The interplay between cosmology and galaxy formation

Abstract

The standard ΛCDM model of cosmology has been very successful in matching a large set of observational constraints and describes accurately the evolution of our Universe. Within this framework, the gravitational collapse of cold dark matter structures depends solely on the cosmological background. The formation of galaxies inside these haloes is thought to be determined by complex baryonic process and we rely on numerical techniques to model their effects.

Here, we investigate the impact of the cosmological background on galaxy formation. We take the advantage of state of the art cosmological hydrodynamical simulations from the eagle suite to vary the cosmological parameters, in particular, the cosmological constant, to test its effect on the efficiency of star formation. We use this set of new simulations to calculate the likelihood of the observed value of the cosmological constant, given a measure of the multiverse. We discuss the implication of our results in the context of the anthropic principle.
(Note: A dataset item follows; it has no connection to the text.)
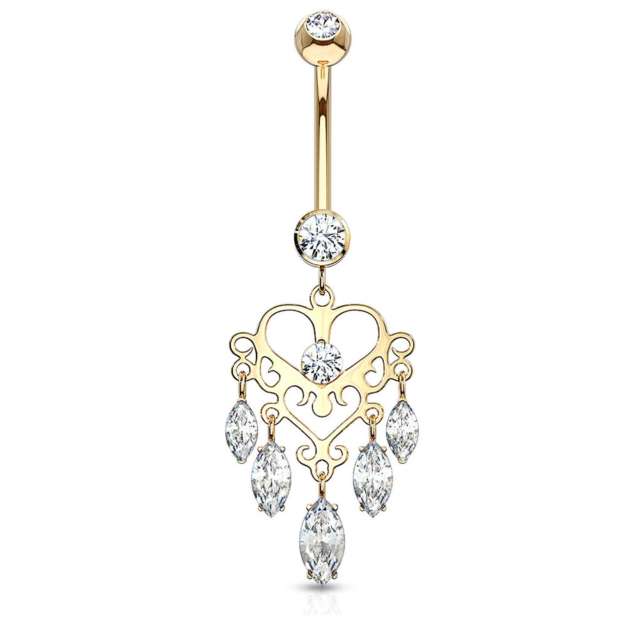 華やかなデザインのオープンハートモチーフがお洒落なへそピアス(バナナバーベル)。

We use this framework to develop a fully analytic model of galaxy formation that connects the growth of dark matter haloes in a cosmological background, with the build-up of stellar mass within these haloes. The model identifies the physical processes that drive the Galaxy-Halo co-evolution through cosmic time. Despite the complexity of the baryonic processes involved, galaxy formation is revealed as a remarkably simple process, where the instantaneous star formation efficiency within halos is only a function of their virial temperature and can be described with a ‘single’ differential equation. We find that the model reproduces self-consistently the shape and evolution of the cosmic star formation rate density, the specific star formation rate of galaxies, and the galaxy stellar mass function, both at the present time and at high redshift.

Finally, we use the merger rate of supermassive black holes in the eagle simulations to estimate the expected event rate of gravitational wave signals that could be resolved by future space-based gravitational wave detectors. We discuss the power of these detections to provide information about the origin of supermassive black holes and the initial mass distribution of black hole seeds.